Depuis quelques mois, les événements se bousculent au Xinjiang.
Fin juillet à Kashgar et Hotan, deux commandos-suicides frappaient des commissariats, causant 32 morts, des 10aines de blessés. De façon remarquable, ces attaques avaient été annoncées par des locaux à des touristes, 15 j plus tôt, comme un remake des attaques d’Urumqi qui avaient coûté près de 200 vies en 2009. Ce triste incident a eu son épilogue le 15/09, les juges des deux villes condamnant quatre assaillants à mort, pour terrorisme, incendie et meurtre.
Le même jour, la police admet que ces attaques n’ont eu aucun lien avec l’étranger. C’est nouveau. Jusqu’à l’été, Pékin croyait à une collusion avec une alliance islamiste de l’extérieur. De l’étranger d’ailleurs, un groupuscule, le PIT (Parti indépendantiste du Turkestan) revendiquait fin août la responsabilité des attentats. On peut sans doute voir en cette admission un progrès : l’effort pour mieux adhérer aux réalités du terrain.
A vrai dire, la gouvernance chinoise sur le Xinjiang ces derniers mois apparaît tiraillée entre deux tendances : le discours « vieux jeu » d’arrimage autoritaire du territoire à la République, et la recherche d’un rapport nouveau, ralliant et pacifiant l’ethnie ouïghoure.

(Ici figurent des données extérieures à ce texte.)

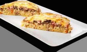 Corta la cebolla en juliana fina y ponla a pochar en una cazuela amplia y baja con un chorrito de aceite. Agrega el pimiento cortado en tiras y los dientes de ajo picados. Sofríe todo durante un par de minutos e incorpora el arroz. Vierte el caldo y condimenta con sal, pimienta y nuez moscada. Cocina durante 16 minutos aproximadamente. Deja reposar. Rehoga la carne de cerdo y de ternera en una sartén con un chorrito de aceite. Salpimienta, remueve y cocina durante un par de minutos. Corta el jamón en tiras pequeñas, añádelas en el último momento y retira la sartén del fuego. Coloca un cortapastas circular en un plato e introduce una porción de arroz. Aplasta un poco y coloca encima la carne y el jamón. Desmolda y cubre cada porción con tres lonchas de queso. Gratina en el horno y sirve.

Dans la 1ère tendance, entrent les peines capitales. Face à des agresseurs pris les armes à la main, Pékin n’avait guère de marge de manoeuvre pour accorder la clémence. Mais ces exécutions imminentes feront quatre héros de plus. Un autre signe de répression est l’interdiction sur tout le Xinjiang de suivre le Ramadan. Sous peine d’ennuis sérieux, les restaurants durent rester ouverts et fournir des mets inutiles faute de clients. Les étudiants furent accompagnés par les profs dans les réfectoires. La mesure visait à empêcher les réunions de nuit- rituelles durant ce carême islamique- qui auraient permis d’ourdir d’autres attentats. Cependant l’interdit fit plus de mal que de bien : l’irrespect de la loi religieuse put radicaliser modérés et hésitants.

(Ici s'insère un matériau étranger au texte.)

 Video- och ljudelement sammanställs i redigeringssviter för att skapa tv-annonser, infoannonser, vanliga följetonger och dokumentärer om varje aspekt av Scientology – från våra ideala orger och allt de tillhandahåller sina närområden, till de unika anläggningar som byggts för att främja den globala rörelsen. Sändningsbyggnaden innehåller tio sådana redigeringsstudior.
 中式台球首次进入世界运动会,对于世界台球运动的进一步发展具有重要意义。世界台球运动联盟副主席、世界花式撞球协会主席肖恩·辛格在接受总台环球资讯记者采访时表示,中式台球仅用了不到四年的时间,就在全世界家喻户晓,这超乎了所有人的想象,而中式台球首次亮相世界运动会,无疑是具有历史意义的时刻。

Dans la 2ème tendance, l’Etat tente de dissiper la tension par des actions plus bénéfiques. Tel l’envoi, pour un an d’études, de 500 professeurs et instituteurs ouighours, suivis de 300 collègues Han, aux universités de l’intérieur (14/09). Comme au Tibet, cette stratégie d’enseignement bilingue vise à renforcer chez les enfants la langue locale (base de stabilité sociale), tout en leur apportant l’usage du mandarin, vecteur des métiers sur un marché du travail inévitablement sinophone.
Autre effort au Xinjiang, celui des consortia publics : durant le XII. Plan, la priorité est donnée aux énergies, surtout propres, et d’usage local. D’ici 2016 CPIC (un des 5 géants électriciens) placera 11MM$ dans le territoire, en diverses énergies. Guodian en investira 12,5MM$. Shenhua (charbon)mettra 21MM$, Baosteel (Shanghai) 6,5MM$ en sidérurgie et le pétrolier national CNPC 47MM$ (d’ici 2021). Au total, 31 Grandes entreprises d’Etat vont jusqu’à décupler leur présence, doublant en 5 ans leurs invests précédents, pour 155MM$.
Autre idée forte : faire du Xinjiang le poumon économique d’Asie Centrale, et une nouvelle porte de l’Europe. Le 01/09, le vice-1er Li Keqiang ouvrait à Urumqi le 1er salon China-Eurasia, version renforcée de l’ex-salon régional. En 5 jours, le résultat fut honorable, 130 MM$ de contrats, avec présence remarquée de la Turquie (20 groupes).
Tout ceci témoigne d’une ligne politique, au fond pas si nouvelle, misant sur l’intégration économique pour enrichir le Xinjiang -sans céder sur la demande des Ouighours en droits spécifiques qui tiennent compte de leur différence ethnique et de leur culture propre. Autrement dit, le problème est encore probablement là pour longtemps.